Niye? O bile siyasi bir anlam kazandı. Bir kesimin sloganı, diğer kesimin yasaklı tümcesi oldu, bin yıllık “Hayırlı olsun!”

Peki ne diyelim? “C hiçbiri!?”

“Evet-hayır fark etmez, sağlıklı olsun da!” nasıl?

“O zaman dans!” desek? Bu milletin el ele tutuşmasına vesile olur mu acaba?

Ne diyeyim de şu millet birbirine düşman olmayı bıraksın bilmiyorum.

Şşşt... Birbirinize bağırmayı, kavga etmeyi bırakıp kardeş kardeş oturursanız size yine komik dizi yapacağım bak!

Hadi bakayım.


KOMŞUYU KIYIN KIYIN İŞGAL Mİ EDİYORUZ?
BU Yunanlar dostluk kardeşlik derken durup dururken niye böyle coştular diye merak ediyor vatandaş. FETÖ’cü kaçakları niye iade etmiyorlar? Kardak işi ne öyle? Nereden çıktı bu gerginlik?

Ben çözdüm işi. Şimdi öncelikle Bodrum’dan, Çeşme’den daha ucuz diye oraları bırakıp Yunan adalarında tatile başladı millet. Sonra inceden buralarda yazlık evler filan alınmaya başlandı. Bizim ekonomi biraz dingildeyince, yeni pazarlar aramak, yumurtaları farklı sepetlere koymak için Yunanistan’da iş kuranlar, şube açanlar çoğaldı. Darbe girişiminden sonra tedirgin olan, terörden, içsavaştan korkan endişelilerden bir kısmı Yunanistan şehirlerinde daire satın almaya girişti. E Acun da O Ses Türkiye Yunanistan’ı yapmaya başladı, bu demektir ki televizyonları da istila ediyoruz yavaştan! Adamlar gerildi tabiatıyla, ülkeleri ellerinden gidiyor!

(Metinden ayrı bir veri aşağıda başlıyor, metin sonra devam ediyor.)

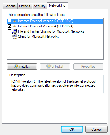 Step 2: Right Click the connection to your ISP and select Networking tab.
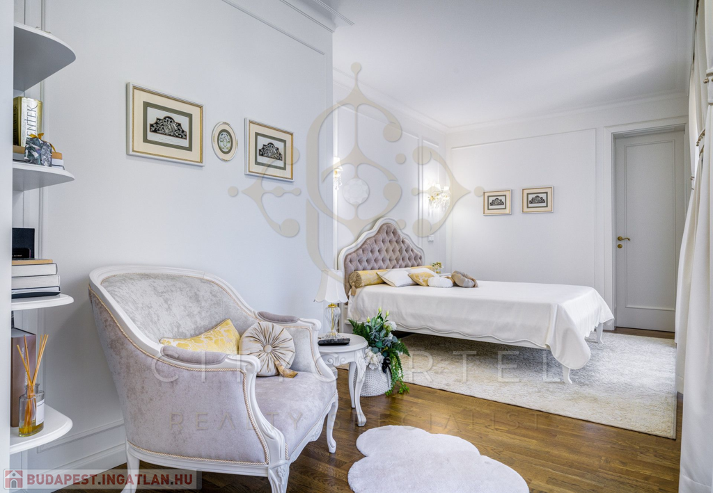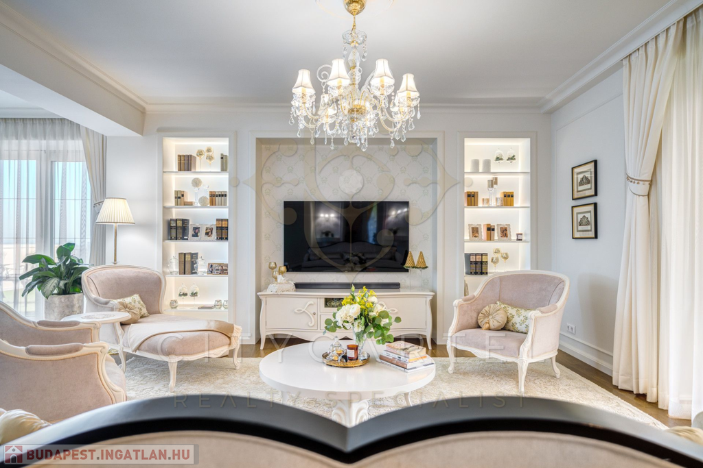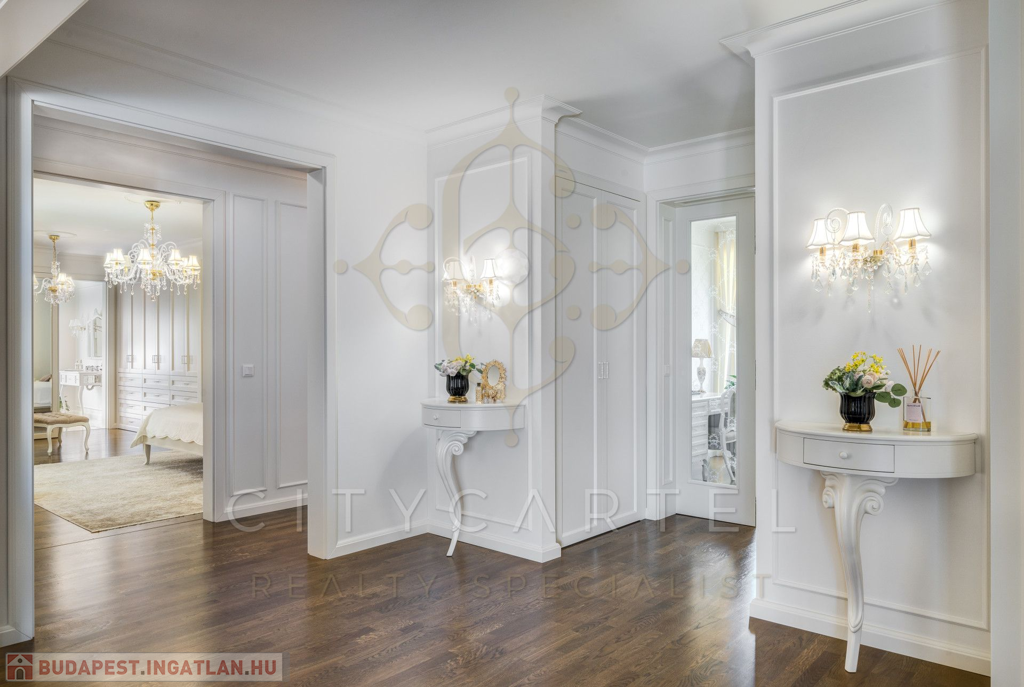 A lakás minden részletében a klasszikus francia elegancia és a modern luxus harmonikus ötvözete köszön vissza. A kifinomult belsőépítészeti tervezés a legmagasabb színvonalon valósult meg, olyan gondosan megválogatott anyagokkal és kiegészítőkkel, amelyek exkluzivitást és időtlen stílust sugároznak.
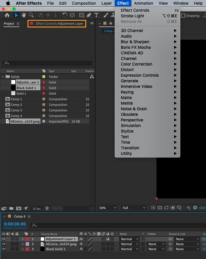 To build a composition with layers in Adobe After Effects:
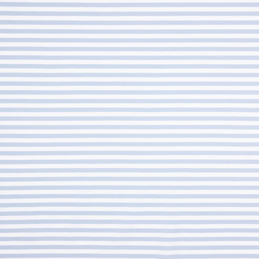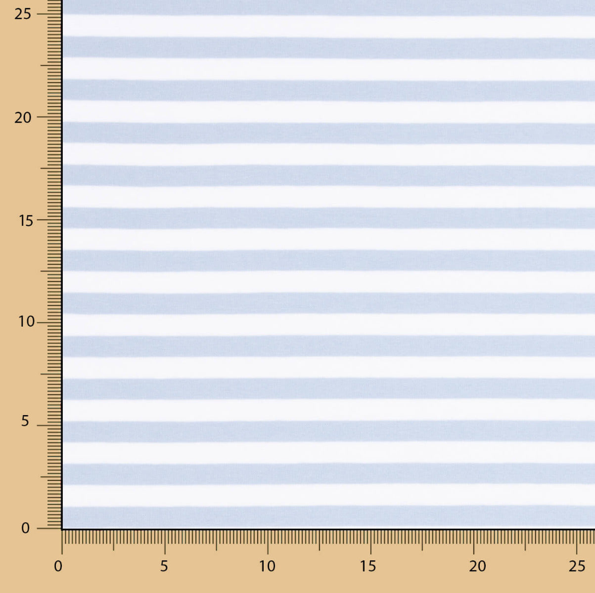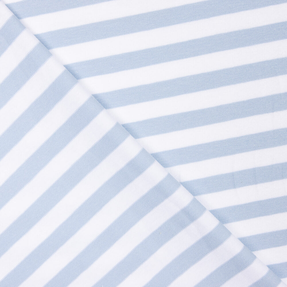 La tela de punto de estampado rayado bicolor en azul celeste y blanco, ancho de la raya de 1 centímetro y con una composición de 95% algodón y 5% elastano, ofrece una combinación ideal de confort y elasticidad.
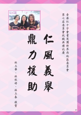 第 香港紅十字會耆英團 七 屆委員會就職典禮誌慶 鼎力援助 仁風義舉 新界西 地區委員會 林玉華、林秋婷、林玉春 敬賀 29
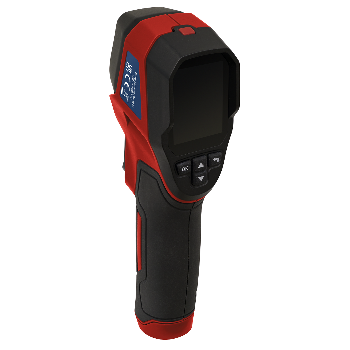 Thermal imaging camera for the detection of high and low temperature. Heat-mapped colour palettes and temperature reading. Includes on-screen cursor to accurately locate minimum/maximum temperature variation. Suitable for many industries including automotive, building and electrical.
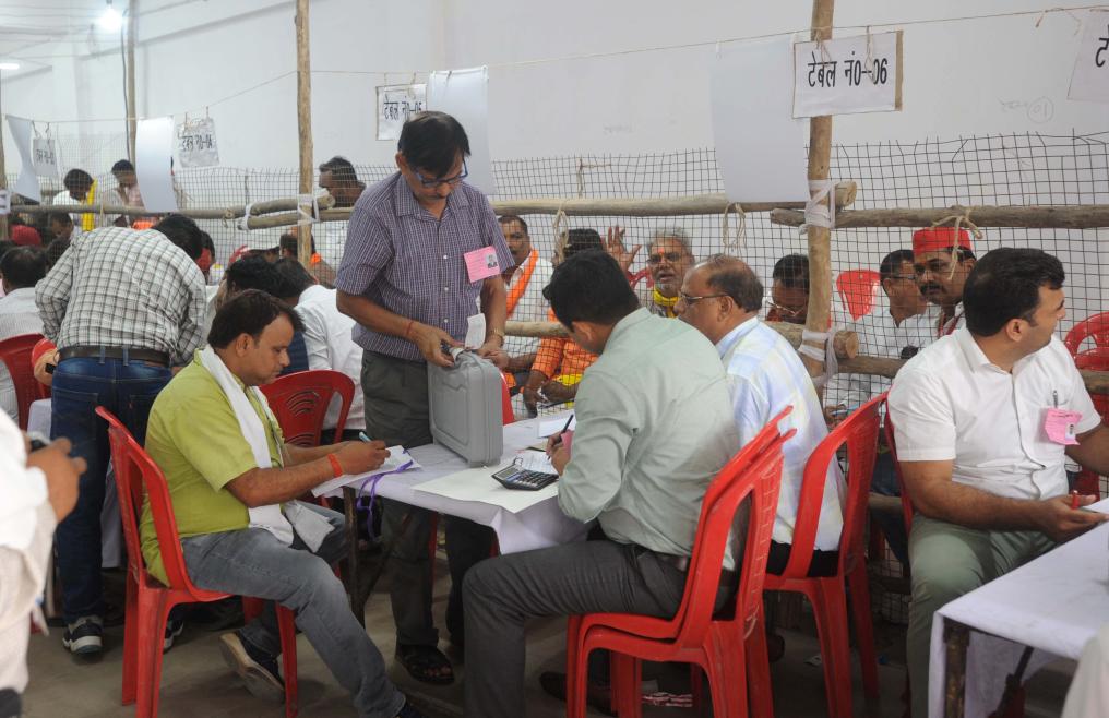 6月4日,在印度勒克瑙,选举工作人员进行计票。新华社/印度联合新闻社
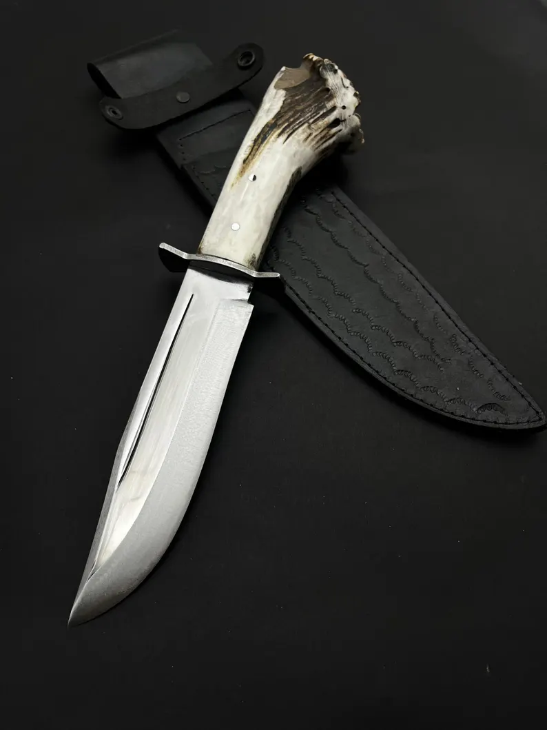 Otkrijte naš oštar lovački nož s drškom od jelenjeg roga, preciznom oštricom i pravim jelenjim rogom. Ovaj kompaktan, ali čvrst nož savršen je za ljubitelje prirode, preživljavače i avanturiste. S oštrom, ručno kovanom oštricom i udobnom drškom od jelenjeg roga, ovaj nož nudi izvrstan hvat i kontrolu, što ga čini pouzdanim alatom za kampiranje, planinarenje i razne aktivnosti na otvorenom. Nož dolazi sa stilskom zaštitnom kožnom futrolom za sigurno spremanje i jednostavan pristup. Bez obzira pripremate li hranu, režete li uže ili rezbarite drvo, ovaj svestrani nož nezamjenjiv je pratitelj za vaše avanture na otvorenom.
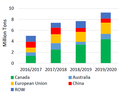 o Канада — экспорт рапса прогнозируется на 500 000 тонн ниже на уровне 10,1 млн. тонн, экспорт шрота немного повышен до 4,8 млн. тонн, а экспорт масла почти не изменится и составит 3,3 млн. тонн.
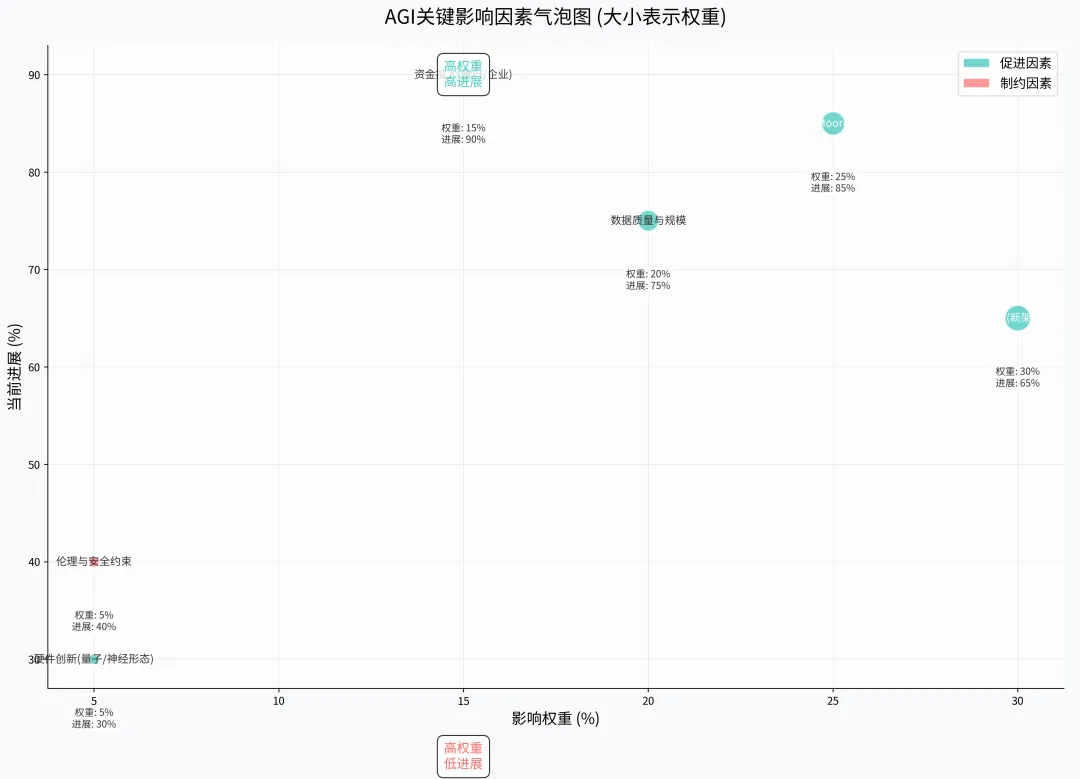 算法突破(权重30%)和算力增长(权重25%)是影响AGI实现的最关键因素,伦理约束是主要制约因素
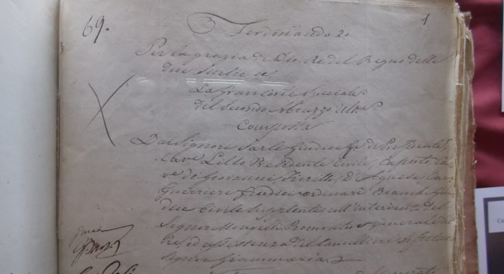 Nella foto in alto la sentenza della Corte criminale recante la condanna di Panfilo Serafini a venti anni di “ferri”; in basso alcuni corpi di reato in processi borbonici, cioè i segni del tricolore. Si possono vedere nella mostra aperta fino alla fine dell’anno all’Archivio di Stato.
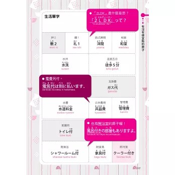 如何租到心儀的窩?如何花錢更經濟?搭車有什麼小技巧?哪裡的購物比較划算?成為日本的生活達人,隨時獲取新知,避免落入尷尬局面,所有的好康都不會錯過!學習方式既輕鬆又易懂,讓你不自覺地就學上癮了。
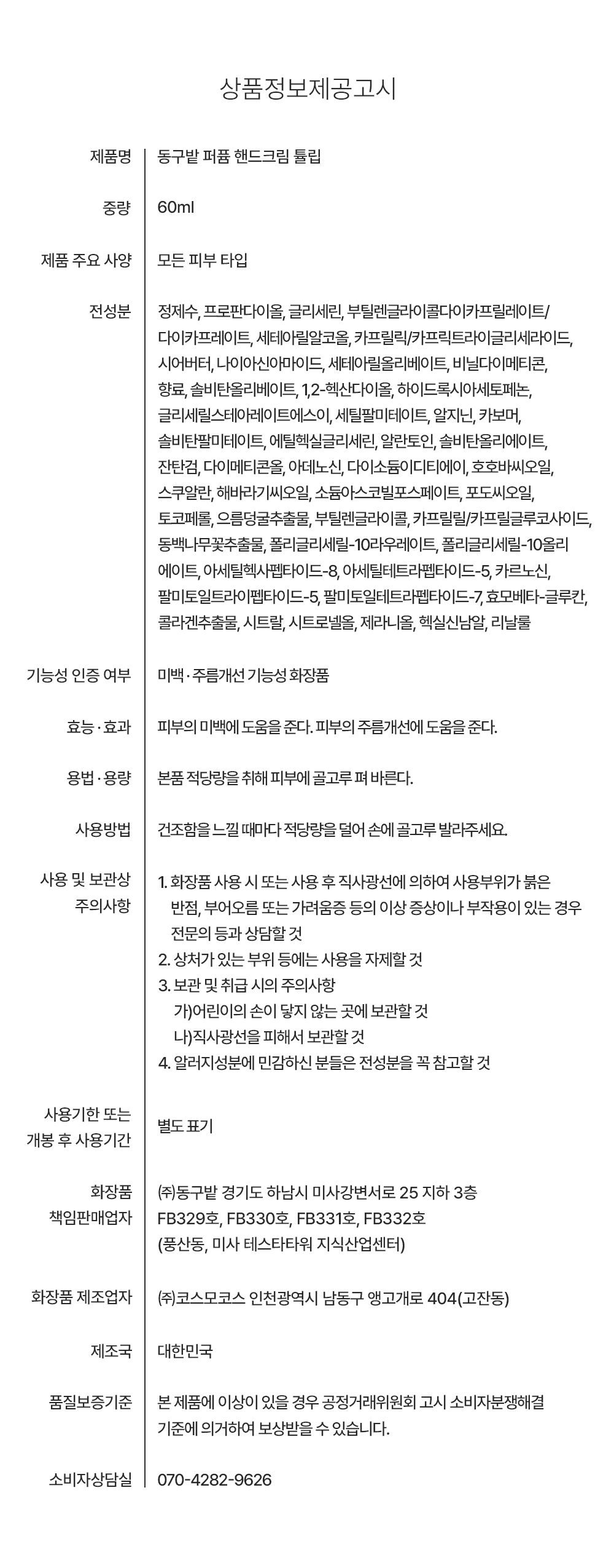 | 소비자상담 관련 전화번호 | 070-4282-9626 | ||
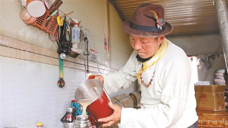 圖為日喀則市定結(jié)縣郭加鄉(xiāng)切村村民拉巴在用中央代表團送來的酥油茶壺打酥油茶。本報通訊員 扎西卓嘎 攝

Bence gerginliklerinin sebebi budur.

Değilse de neşeli teori, kabul edin!


ÇILGINLAR KULÜBÜ'NE ALKIŞLARLA!
BU devirde bu nasıl bir çılgınca motivasyon. Nasıl uçsuz bucaksız bir umut. Nasıl da taze kahve ve sıcak ekmek kokan, yeni başlangıçlar renginde bir emek! Vayy... Bakınız sanat-kitap ekini yazayım derken edebiyata girer gibi olup hemen çıktım!

Şaka maka, şahane bir haber ve ele gelen, içerikli, sapasağlam bir sanat-kitap eki var karşımızda. Kitap, sinema, tiyatro, dans, resim, heykel... Bizi sanat mı kurtaracak bilmiyorum ama cuma günlerimizi bu ek kurtarabilir.

Sevgili editörler, oyuncular, oyun yazar ve yönetmenleri ve tiyatroseverler adına bir maruzatımız var: Çok iyi tiyatro eleştirileri okumak istiyoruz. Hem sanatçılar heyecanlanıp, “Acaba ne düşündüler” diye göz gezdirsin hem seyirci okuyup oyun seçsin. Sahne insanları yergiyi de alkışı da sever. Sessizlik sevmez!

Ama önce, peşinen, bu ek için sizi alkışlıyoruz.